**ACTIVITY**:
Copy nothing but the text: repeat each entry exactly and drop the images.

**EXERCISE DATA**:
- - - -
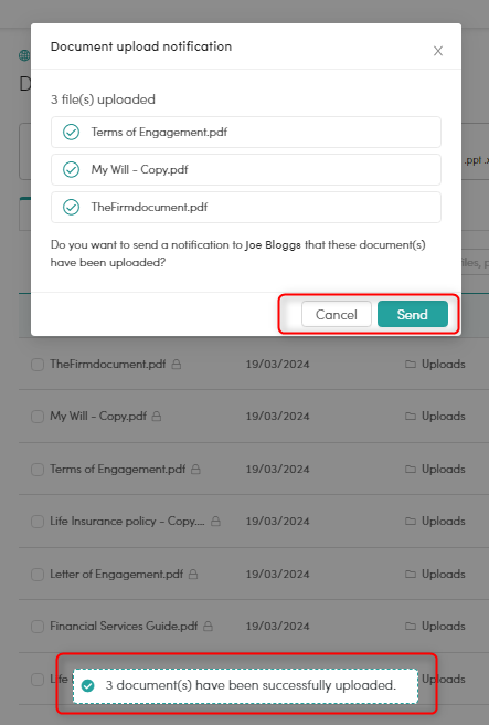 Cancel: Clicking “Cancel” will not send the recipients listed in the pop-up prompt a notification. The documents are still uploaded and stored in the portal.
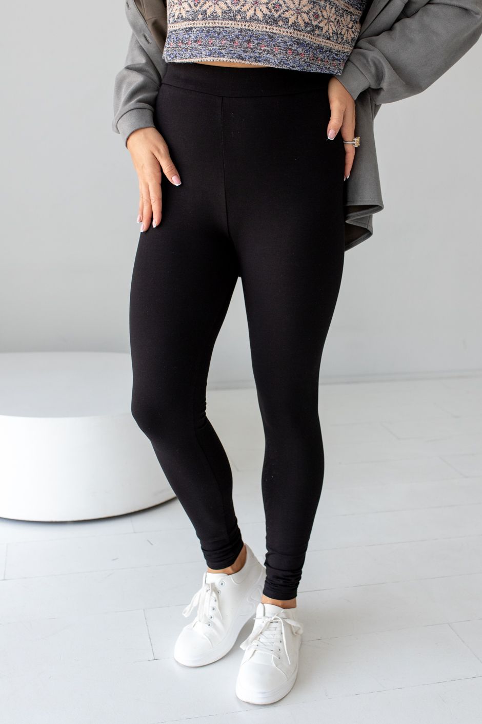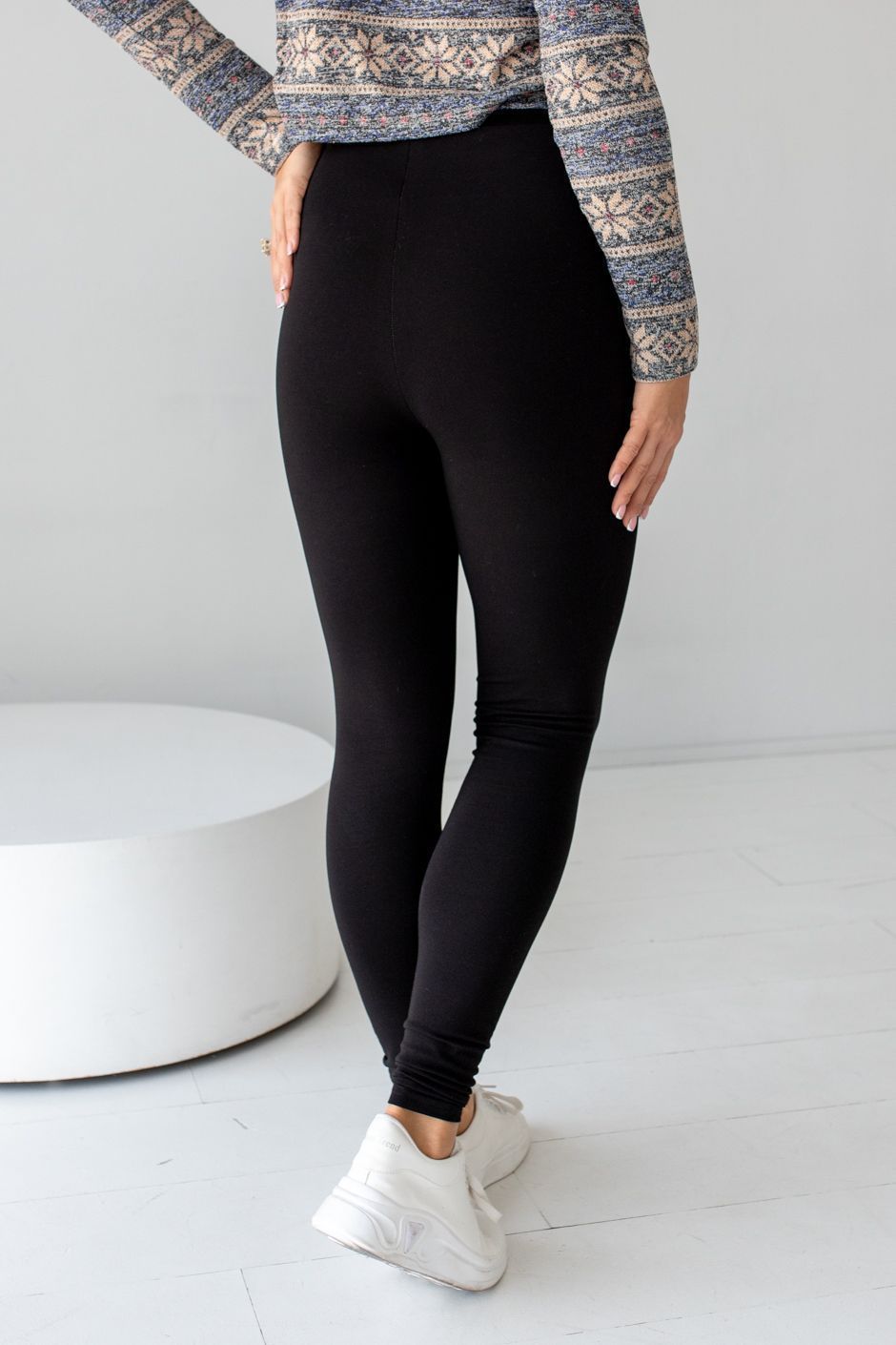 Ткань: кулирная гладь.Лосины с высокой посадкой, полуприлегающего кроя, Длина по внутреннему шву ок.75см.
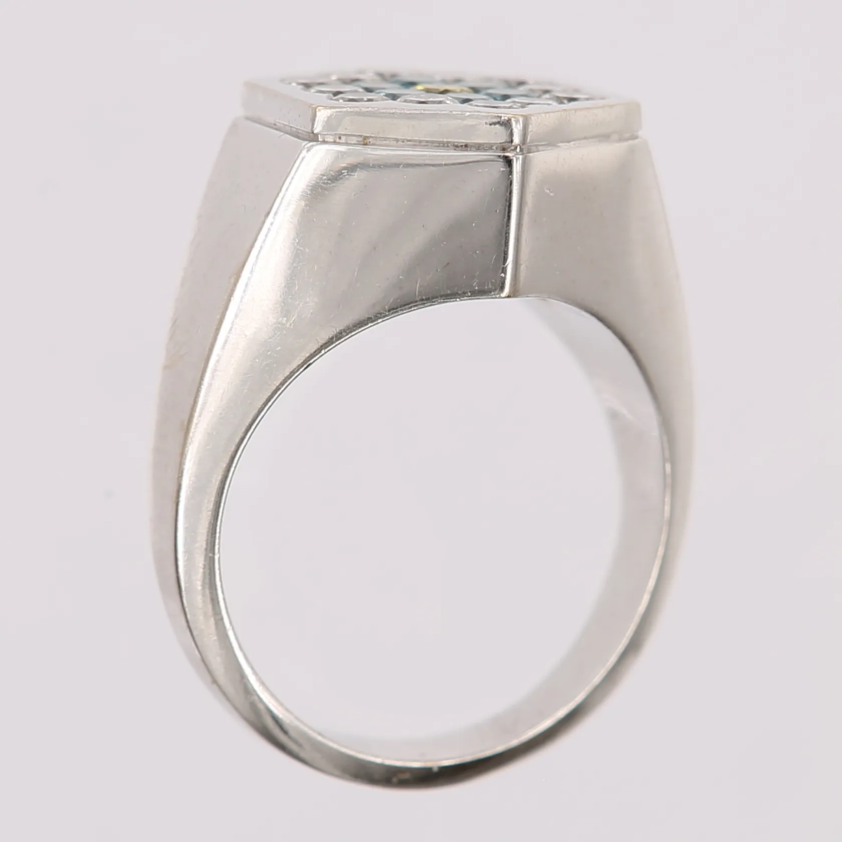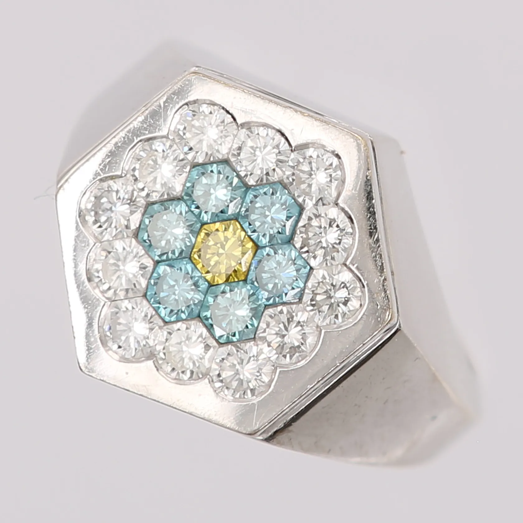 Ring med hexagonslipade diamanter 19 x ca 0,05ct varav en bestrålad gul samt sex bestrålade blå, stl: 17¼, bredd: 3-15mm, saknar stämplar, 18K vitguld. Vikt: 10,9 g.
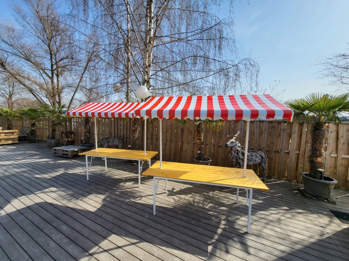 Die Stände sind einfach und schnell aufgestellt und ein schöner Blickfang für Ihre Kunden. Das Dach ist aus PVC und wasserdicht. Bei starkem Wind sind diese Stände nicht im aussenbereich einzusetzten.
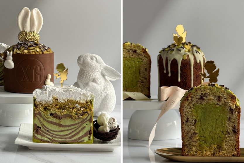 Дубайские куличи, вдохновленные популярным дубайским шоколадом, набирают популярность в 2025 году не только из-за вкуса, но и эффектного вида. Их особенность — нежная фисташковая начинка, ароматные восточные специи и сияющее золотое украшение. А сверху куличи покрыты изумрудной «шапочкой» из фисташкового крема и белого шоколада.
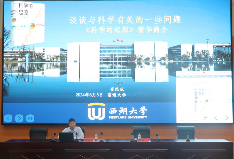 崔维成以《谈谈与科学有关的一些问题——<科学的起源>精华简介》为题,介绍了《科学的起源》创作的背景和意义,并从科学技术及科学思想两个维度,探究科学家和核心科学理论如何一步步推动科学体系形成及发展,以展现东方科学在科学史上的重要地位。《科学的起源》一书系统介绍了科学的定义、科学的起源及科技发展的历程,并通过时间推演及不同地域、领域间的比较,得出科学理论间相互联系的论断。崔维成在分享著书体会时,指出要用整体的、系统的眼光审视科学技术发展的过程,并深入探讨如何运用科学思维驱动创新发展。他指出,科学研究是一条永无止境的道路,科学家精神就是实事求是的精神,高校要用系统的思维来培养人才。他勉励师生要始终保持对知识的探索和对问题的思考,以科学的态度和精神,不断前行在追求真理的道路上。
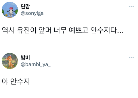 카즈하 말고도 안유진 팬도 안수지라고 하는거 내가 수지팬 아니라도 기분 나쁜데 아기수지에 이어서 이게 뭐야 짹에 수지 서치하다가 이런 트윗만 많으면 좀
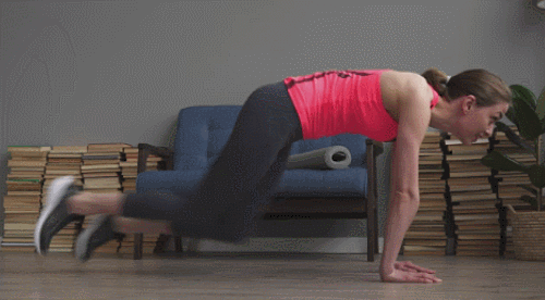 매트에 손을 대고 엎드린 상태에서 준비하세요. 그리고 왼쪽 무릎을 가슴으로 당겼다가 되돌리고, 오른쪽 무릎을 당겼다가 되돌립니다. 팔꿈치는 구부러지지 않도록 하고, 다리를 빠르게 움직이면서 1분 동안 운동합니다.
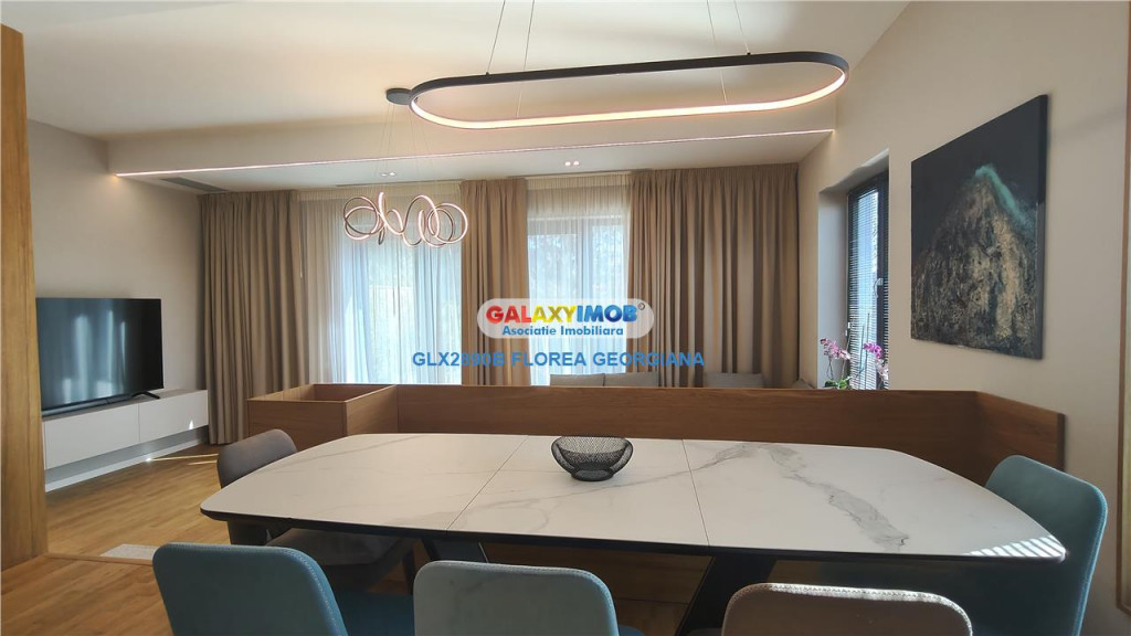 Vila premium de inchiriat - Otopeni - complex privat - constructie 2024 - 180 mp utili - curte amenajata Disponibila spre inchiriere este o vila moderna, finalizata in 2024, situata in Otopeni, zona strada Munteniei, intr-o comunitate privata formata din doar 6 vile, cu acces controlat si un cadru rezidential exclusivist. Proprietatea a fost amenajata cu ajutorul unui designer, cu multa atentie la detalii, pentru a crea o casa eleganta, primitoare si foarte confortabila (cosy), ideala pentru o familie care isi doreste un standard ridicat de locuire. Suprafata utila a vilei este de aproximativ 180 mp, la care se adauga o terasa de 20 mp si o curte privata amenajata peisagistic, oferind un spatiu exterior perfect pentru relaxare. Compartimentare: - living generos, cu canapea mare si televizor de dimensiune foarte mare - zona de dining cu masa ampla si locuri suficiente, potrivita atat pentru o familie numeroasa, cat si pentru intalniri sau evenimente cu prietenii sau familia - bucatarie inchisa cu perete de sticla, complet mobilata si utilata, dotata cu toate electrocasnicele necesare unei locuinte de acest tip - 3 dormitoare la etaj - dormitor matrimonial cu dressing si baie proprie - mansarda open space, amenajata cu zona de dormit si un spatiu amplu de recreere - 4 bai in total, pe fiecare nivel Spatii auxiliare si depozitare: - numeroase spatii de depozitare integrate in intreaga casa - camera tehnica dotata cu masina de spalat rufe, uscator si frigider suplimentar Exterior si parcare: - curte privata amenajata peisagistic - terasa de 20 mp - 2 locuri de parcare dedicate - 1 loc de parcare pentru vizitatori Dotari si finisaje premium: - panouri fotovoltaice - sistem HAC (incalzire / racire) - centrala termica proprie - boiler de capacitate mare - mobilier premium (Miso, Rovere, BoConcept) - usi filomuro - parchet cu rasina - locuinta complet mobilata si utilata Proprietatea este situata intr-o zona exclusiv de vile, foarte linistita si aerisita, cu acces rapid catre zona de nord a Bucurestiului, aeroport, centre de business si zone comerciale. Vila este ideala pentru rezidenta unei familii sau pentru expati care cauta confort, intimitate si un standard ridicat de locuire. Pret de inchiriere: 1.750 EUR / luna, garantie: valoarea unei chirii, comision agentie: 50% Informatii eficienta energetica: Clasa energetica: Consumul de energie primara: Indicele de emisii echivalent CO2: Consum de energie din surse regenerabile:
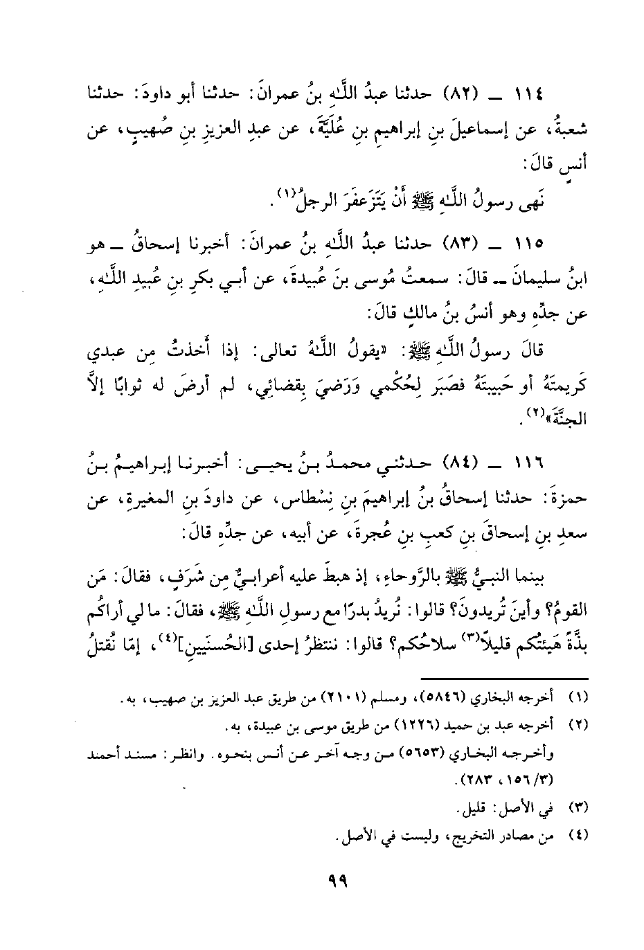 116 - (84) حدثني محمد بن يحيى: أخبرنا إبراهيم بن حمزة: حدثنا إِسْحَاقُ بْنُ إِبْرَاهِيمَ بْنِ نِسْطَاسٍ، عَنْ دَاوُدَ بْنِ الْمُغِيرَةِ، عَنْ سَعْدِ بْنِ إِسْحَاقَ بْنِ كَعْبِ بْنِ عُجْرَةَ، عَنْ أَبِيهِ، عَنْ جَدِّهِ قَالَ: بَيْنَمَا النَّبِيّ صَلَّى اللَّهُ عَلَيْهِ وَسَلَّمَ بِالرَّوْحَاءِ، إِذْ هَبَطَ عَلَيْهِ أَعْرَابِيٌّ مِنْ شُرُفٍ، فَقَالَ: مَنِ الْقَوْمُ؟ وَأَيْنَ تُرِيدُونَ؟ قَالُوا: نُرِيدُ بَدْرًا مَعَ رَسُول اللَّهِ صَلَّى اللَّهُ عَلَيْهِ وَسَلَّمَ، فَقَالَ: مَا لِيَ أَرَاكُمْ بَذَّةٌ هَيْئَتُكُمْ قليلا سلاحكم؟ قالوا: ننتظر إحدى [الحسنيين]، إما نقتل -[100]- فَلَنَا الْجَنَّةُ، وَإِمَّا نَغْلِبُ فَيَجْمَعَهُمَا اللَّهُ لَنَا الظَّفَرَ وَالْجَنَّةَ، قَالَ: أَيْنَ نَبِيُّكُمْ صَلَّى اللَّهُ عليه وسلم؟ قالوا: ها هو ذا، فَجَاءَهُ فَقَالَ: أَيْ نَبِيَّ اللَّهِ، إِنِّي لَيْسَتْ مَعِيَ مَصْلَحَةٌ، آخُذُ مَصْلَحَتِي ثُمَّ أَلْحَقُ بِكَ، قَالَ: اذْهَبْ إِلَى أَهْلَكِ وَخُذْ مَصْلَحَتَكَ، فَخَرَجَ رَسُول اللَّهِ صَلَّى اللَّهُ عَلَيْهِ وَسَلَّمَ يَوْمٌ بدر وَخَرَجَ الرَّجُلُ إِلَى أَهْلِهِ حَتَّى فَرَغَ مِنْ حاجته، ثم لَحِقَ بِرَسُولِ اللَّهِ صَلَّى اللَّهُ عَلَيْهِ وَسَلَّمَ ببدر وهو يصف الناس للقتال [فدخل في الصف، فكان ممن إستشهده الله عز وجل، فَقَالَ رَسُولُ اللَّهِ صَلَّى اللَّهُ عَلَيْهِ وَسَلَّمَ لعمر: يا عمر، إن للشهداء سادة وأشرافاً وملوكا، وإن هذا يا عمر منهم].
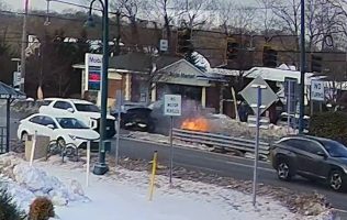 Rescata agente de NYPD a conductor atrapado en auto en llamas
- - - -
**OUTPUT BELOW**:
 Cancel: Clicking “Cancel” will not send the recipients listed in the pop-up prompt a notification. The documents are still uploaded and stored in the portal.
 Ткань: кулирная гладь.Лосины с высокой посадкой, полуприлегающего кроя, Длина по внутреннему шву ок.75см.
 Ring med hexagonslipade diamanter 19 x ca 0,05ct varav en bestrålad gul samt sex bestrålade blå, stl: 17¼, bredd: 3-15mm, saknar stämplar, 18K vitguld. Vikt: 10,9 g.
 Die Stände sind einfach und schnell aufgestellt und ein schöner Blickfang für Ihre Kunden. Das Dach ist aus PVC und wasserdicht. Bei starkem Wind sind diese Stände nicht im aussenbereich einzusetzten.
 Дубайские куличи, вдохновленные популярным дубайским шоколадом, набирают популярность в 2025 году не только из-за вкуса, но и эффектного вида. Их особенность — нежная фисташковая начинка, ароматные восточные специи и сияющее золотое украшение. А сверху куличи покрыты изумрудной «шапочкой» из фисташкового крема и белого шоколада.
 崔维成以《谈谈与科学有关的一些问题——<科学的起源>精华简介》为题,介绍了《科学的起源》创作的背景和意义,并从科学技术及科学思想两个维度,探究科学家和核心科学理论如何一步步推动科学体系形成及发展,以展现东方科学在科学史上的重要地位。《科学的起源》一书系统介绍了科学的定义、科学的起源及科技发展的历程,并通过时间推演及不同地域、领域间的比较,得出科学理论间相互联系的论断。崔维成在分享著书体会时,指出要用整体的、系统的眼光审视科学技术发展的过程,并深入探讨如何运用科学思维驱动创新发展。他指出,科学研究是一条永无止境的道路,科学家精神就是实事求是的精神,高校要用系统的思维来培养人才。他勉励师生要始终保持对知识的探索和对问题的思考,以科学的态度和精神,不断前行在追求真理的道路上。
 카즈하 말고도 안유진 팬도 안수지라고 하는거 내가 수지팬 아니라도 기분 나쁜데 아기수지에 이어서 이게 뭐야 짹에 수지 서치하다가 이런 트윗만 많으면 좀
 매트에 손을 대고 엎드린 상태에서 준비하세요. 그리고 왼쪽 무릎을 가슴으로 당겼다가 되돌리고, 오른쪽 무릎을 당겼다가 되돌립니다. 팔꿈치는 구부러지지 않도록 하고, 다리를 빠르게 움직이면서 1분 동안 운동합니다.
 Vila premium de inchiriat - Otopeni - complex privat - constructie 2024 - 180 mp utili - curte amenajata Disponibila spre inchiriere este o vila moderna, finalizata in 2024, situata in Otopeni, zona strada Munteniei, intr-o comunitate privata formata din doar 6 vile, cu acces controlat si un cadru rezidential exclusivist. Proprietatea a fost amenajata cu ajutorul unui designer, cu multa atentie la detalii, pentru a crea o casa eleganta, primitoare si foarte confortabila (cosy), ideala pentru o familie care isi doreste un standard ridicat de locuire. Suprafata utila a vilei este de aproximativ 180 mp, la care se adauga o terasa de 20 mp si o curte privata amenajata peisagistic, oferind un spatiu exterior perfect pentru relaxare. Compartimentare: - living generos, cu canapea mare si televizor de dimensiune foarte mare - zona de dining cu masa ampla si locuri suficiente, potrivita atat pentru o familie numeroasa, cat si pentru intalniri sau evenimente cu prietenii sau familia - bucatarie inchisa cu perete de sticla, complet mobilata si utilata, dotata cu toate electrocasnicele necesare unei locuinte de acest tip - 3 dormitoare la etaj - dormitor matrimonial cu dressing si baie proprie - mansarda open space, amenajata cu zona de dormit si un spatiu amplu de recreere - 4 bai in total, pe fiecare nivel Spatii auxiliare si depozitare: - numeroase spatii de depozitare integrate in intreaga casa - camera tehnica dotata cu masina de spalat rufe, uscator si frigider suplimentar Exterior si parcare: - curte privata amenajata peisagistic - terasa de 20 mp - 2 locuri de parcare dedicate - 1 loc de parcare pentru vizitatori Dotari si finisaje premium: - panouri fotovoltaice - sistem HAC (incalzire / racire) - centrala termica proprie - boiler de capacitate mare - mobilier premium (Miso, Rovere, BoConcept) - usi filomuro - parchet cu rasina - locuinta complet mobilata si utilata Proprietatea este situata intr-o zona exclusiv de vile, foarte linistita si aerisita, cu acces rapid catre zona de nord a Bucurestiului, aeroport, centre de business si zone comerciale. Vila este ideala pentru rezidenta unei familii sau pentru expati care cauta confort, intimitate si un standard ridicat de locuire. Pret de inchiriere: 1.750 EUR / luna, garantie: valoarea unei chirii, comision agentie: 50% Informatii eficienta energetica: Clasa energetica: Consumul de energie primara: Indicele de emisii echivalent CO2: Consum de energie din surse regenerabile:
 116 - (84) حدثني محمد بن يحيى: أخبرنا إبراهيم بن حمزة: حدثنا إِسْحَاقُ بْنُ إِبْرَاهِيمَ بْنِ نِسْطَاسٍ، عَنْ دَاوُدَ بْنِ الْمُغِيرَةِ، عَنْ سَعْدِ بْنِ إِسْحَاقَ بْنِ كَعْبِ بْنِ عُجْرَةَ، عَنْ أَبِيهِ، عَنْ جَدِّهِ قَالَ: بَيْنَمَا النَّبِيّ صَلَّى اللَّهُ عَلَيْهِ وَسَلَّمَ بِالرَّوْحَاءِ، إِذْ هَبَطَ عَلَيْهِ أَعْرَابِيٌّ مِنْ شُرُفٍ، فَقَالَ: مَنِ الْقَوْمُ؟ وَأَيْنَ تُرِيدُونَ؟ قَالُوا: نُرِيدُ بَدْرًا مَعَ رَسُول اللَّهِ صَلَّى اللَّهُ عَلَيْهِ وَسَلَّمَ، فَقَالَ: مَا لِيَ أَرَاكُمْ بَذَّةٌ هَيْئَتُكُمْ قليلا سلاحكم؟ قالوا: ننتظر إحدى [الحسنيين]، إما نقتل -[100]- فَلَنَا الْجَنَّةُ، وَإِمَّا نَغْلِبُ فَيَجْمَعَهُمَا اللَّهُ لَنَا الظَّفَرَ وَالْجَنَّةَ، قَالَ: أَيْنَ نَبِيُّكُمْ صَلَّى اللَّهُ عليه وسلم؟ قالوا: ها هو ذا، فَجَاءَهُ فَقَالَ: أَيْ نَبِيَّ اللَّهِ، إِنِّي لَيْسَتْ مَعِيَ مَصْلَحَةٌ، آخُذُ مَصْلَحَتِي ثُمَّ أَلْحَقُ بِكَ، قَالَ: اذْهَبْ إِلَى أَهْلَكِ وَخُذْ مَصْلَحَتَكَ، فَخَرَجَ رَسُول اللَّهِ صَلَّى اللَّهُ عَلَيْهِ وَسَلَّمَ يَوْمٌ بدر وَخَرَجَ الرَّجُلُ إِلَى أَهْلِهِ حَتَّى فَرَغَ مِنْ حاجته، ثم لَحِقَ بِرَسُولِ اللَّهِ صَلَّى اللَّهُ عَلَيْهِ وَسَلَّمَ ببدر وهو يصف الناس للقتال [فدخل في الصف، فكان ممن إستشهده الله عز وجل، فَقَالَ رَسُولُ اللَّهِ صَلَّى اللَّهُ عَلَيْهِ وَسَلَّمَ لعمر: يا عمر، إن للشهداء سادة وأشرافاً وملوكا، وإن هذا يا عمر منهم].
 Rescata agente de NYPD a conductor atrapado en auto en llamas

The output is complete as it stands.